Replies are listed 'Best First'.
Re: A lesson in statistics (no, specs) by tye (Sage) on Mar 20, 2007 at 01:47 UTC
For context: po Pages paged out fr Pages freed per second Since po=1 and fr=0 is more than a million times "worse" than your "15 times" threshold and yet I really doubt it represents a situation that you want to be worried about, I think your "15 times" criteria is not enough. Your problem sample data shows samples where every single sample has `fr <= 15*po` so, of course, it fires the "15 times" alarm. That problem is more with your choice of alarm criteria than with your arithmetic. If your "15 times" does a good job even for quite large values (it certainly doesn't for very small values), then perhaps you just need to add a minimum criterion.

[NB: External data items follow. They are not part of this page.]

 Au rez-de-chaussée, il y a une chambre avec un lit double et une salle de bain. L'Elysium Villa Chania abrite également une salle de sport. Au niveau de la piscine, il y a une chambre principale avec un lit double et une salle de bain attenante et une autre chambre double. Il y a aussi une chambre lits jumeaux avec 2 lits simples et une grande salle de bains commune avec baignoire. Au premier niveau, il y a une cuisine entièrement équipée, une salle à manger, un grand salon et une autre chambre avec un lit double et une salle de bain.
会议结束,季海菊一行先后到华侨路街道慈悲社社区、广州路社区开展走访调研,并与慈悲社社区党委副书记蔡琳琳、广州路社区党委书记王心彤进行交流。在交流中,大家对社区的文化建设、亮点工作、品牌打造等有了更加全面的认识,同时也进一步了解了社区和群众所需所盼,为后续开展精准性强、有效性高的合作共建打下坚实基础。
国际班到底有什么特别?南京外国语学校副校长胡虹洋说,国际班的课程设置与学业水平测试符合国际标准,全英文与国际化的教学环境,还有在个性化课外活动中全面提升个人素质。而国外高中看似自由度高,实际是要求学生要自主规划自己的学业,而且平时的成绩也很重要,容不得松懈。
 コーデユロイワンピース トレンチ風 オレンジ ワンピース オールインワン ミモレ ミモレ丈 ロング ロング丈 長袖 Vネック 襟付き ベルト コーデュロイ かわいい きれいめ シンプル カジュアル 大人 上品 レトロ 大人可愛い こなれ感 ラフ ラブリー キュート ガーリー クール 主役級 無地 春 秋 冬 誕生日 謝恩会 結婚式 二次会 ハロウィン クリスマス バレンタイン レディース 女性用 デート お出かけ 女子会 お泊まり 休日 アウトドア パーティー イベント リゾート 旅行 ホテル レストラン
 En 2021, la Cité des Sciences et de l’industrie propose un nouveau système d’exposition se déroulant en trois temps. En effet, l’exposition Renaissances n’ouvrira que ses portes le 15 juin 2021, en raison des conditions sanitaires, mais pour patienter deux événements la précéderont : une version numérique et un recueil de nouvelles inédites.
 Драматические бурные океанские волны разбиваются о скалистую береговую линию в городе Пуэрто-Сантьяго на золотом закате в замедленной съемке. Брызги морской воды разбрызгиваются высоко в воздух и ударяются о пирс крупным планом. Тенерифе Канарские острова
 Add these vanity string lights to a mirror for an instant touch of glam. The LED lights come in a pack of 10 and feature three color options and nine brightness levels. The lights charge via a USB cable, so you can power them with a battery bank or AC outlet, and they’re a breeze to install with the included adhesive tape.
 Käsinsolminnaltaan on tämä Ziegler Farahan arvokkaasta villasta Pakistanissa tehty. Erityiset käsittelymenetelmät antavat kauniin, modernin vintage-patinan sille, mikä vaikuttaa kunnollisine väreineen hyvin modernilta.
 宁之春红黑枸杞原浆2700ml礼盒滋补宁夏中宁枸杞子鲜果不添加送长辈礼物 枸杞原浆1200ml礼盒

Forcing fr=1 as a minimum is a fine way of saying that `pr < 15` is never alarming. So if pr stays at 14 for many samples while fr stays at 0 for many samples, is that indicative of a problem? It goes off the scale for your stated "15 times" criteria. But it never reaches the criteria if you set a minimum of 1 for fr. Is po=300,fr=15 really much more worrying than po=3000,fr=250 ? So play with some more data and figure out criteria that better represent the situation you are worried about than just "15 times". - tye	[reply] [d/l] [select]
Re^2: A lesson in statistics (no, specs) by 0xbeef (Hermit) on Mar 20, 2007 at 05:26 UTC
Sorry for misleading you, but my initial example is bogus - I merely tried to illustrate the problem I had in requiring the zero-values to be significant in the ratio. The real-life alert is called the Thrashing Severity Ratio, and is for a po:fr ratio = 1/6 (17%). This is described by Tom Farwell in a writeup of paging spaces, and may be somewhat specific to IBM's AIX. My problem with that writeup is two-fold: 1. Periods of inactivity (0,0 values) are not given enough weight (this may lead to false positives) 2. The overall volume (po = 4k pages swapped to paging) is not considered, and low volume spikes may provide additional false positives (but NOT if sustained). I should perhaps have mentioned the actual problem from the start, but I fear the downvote of Monks who feel that this discussion is not close enough to a pure perl problem! Niel	[reply]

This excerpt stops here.